◆ **Task brief**:
Ignoring every picture, return the lines of the listing below word for word, from the line that holds "Widok na sanatorium" through the line that holds "Resulting SAR image".

◆ **Supplied data**:

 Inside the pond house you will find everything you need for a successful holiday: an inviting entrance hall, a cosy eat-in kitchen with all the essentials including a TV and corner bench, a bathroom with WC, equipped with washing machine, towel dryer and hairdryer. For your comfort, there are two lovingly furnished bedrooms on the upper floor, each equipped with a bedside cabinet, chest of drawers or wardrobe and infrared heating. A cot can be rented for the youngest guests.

--

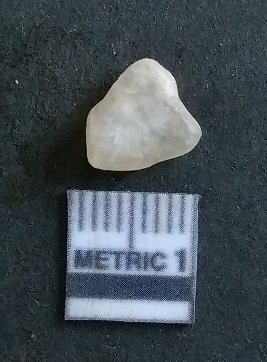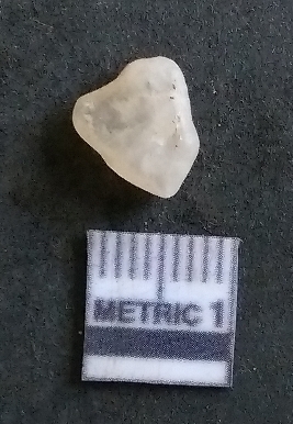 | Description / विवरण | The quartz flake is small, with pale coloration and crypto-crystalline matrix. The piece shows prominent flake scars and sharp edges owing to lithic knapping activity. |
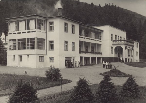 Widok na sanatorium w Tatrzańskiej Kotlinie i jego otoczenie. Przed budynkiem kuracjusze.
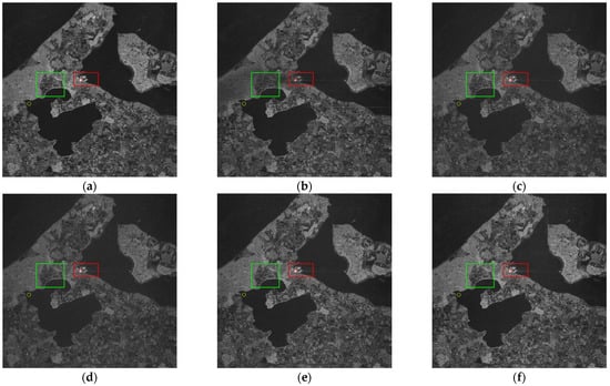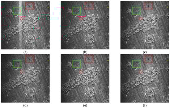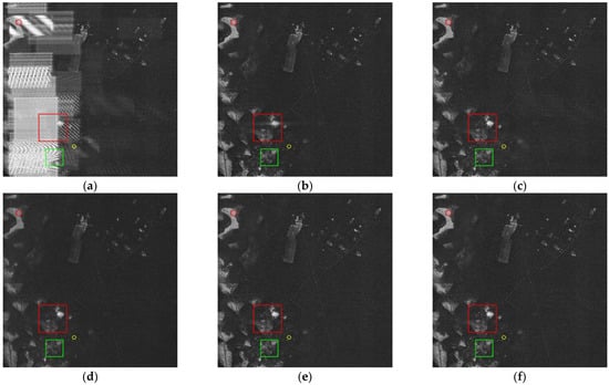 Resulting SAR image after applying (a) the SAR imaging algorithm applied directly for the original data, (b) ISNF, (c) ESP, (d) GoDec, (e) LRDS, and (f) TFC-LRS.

==

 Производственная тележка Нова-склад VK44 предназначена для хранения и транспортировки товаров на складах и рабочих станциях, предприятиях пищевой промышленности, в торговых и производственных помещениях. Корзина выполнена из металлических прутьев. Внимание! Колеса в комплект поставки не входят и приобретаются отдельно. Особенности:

◆ **Result**:
 Widok na sanatorium w Tatrzańskiej Kotlinie i jego otoczenie. Przed budynkiem kuracjusze.
 Resulting SAR image after applying (a) the SAR imaging algorithm applied directly for the original data, (b) ISNF, (c) ESP, (d) GoDec, (e) LRDS, and (f) TFC-LRS.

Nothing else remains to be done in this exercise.